How to incrementally load data
· Category: Data Science
Short answer
Incremental loading updates only new or changed records since the last pipeline run, reducing processing time and resource consumption.
Steps
- Identify a watermark column such as a timestamp or auto-incrementing ID.
- Capture the maximum watermark value from the last successful run.
- Query source systems for records with watermark values greater than the stored maximum.
- Merge or append the delta into the destination table.

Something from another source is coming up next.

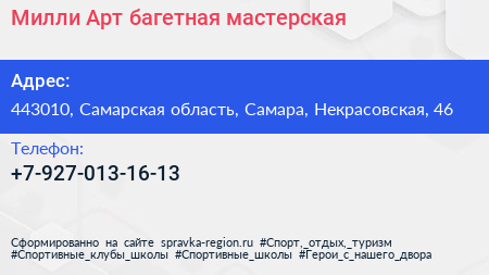 Милли-Арт, багетная мастерская по адресу 443010, Самарская область, Самара, Некрасовская, 46 в дальнейшем Организация, размещена в следующих категориях:

- Update the stored watermark for the next run.
Tips
- Use change data capture tools like Debezium for database sources.
- Handle late-arriving data with lookback windows or reconciliation jobs.
- Partition destination tables to make delta merges efficient.
- Track deletes separately if soft deletes are not present in source.
Common issues
- Missing watermark columns in legacy source systems.
- Clock skew causing records to be skipped or duplicated.
- Schema changes breaking incremental extraction logic.
- Race conditions when watermarks are updated before the load commits.
Example
import pandas as pd
import numpy as np
df = pd.DataFrame({'sales': [100, 150, 200, np.nan]})
df['sales'] = df['sales'].fillna(df['sales'].median())
print(df.describe())
This snippet creates a DataFrame, handles a missing value with the median, and prints summary statistics common in exploratory analysis.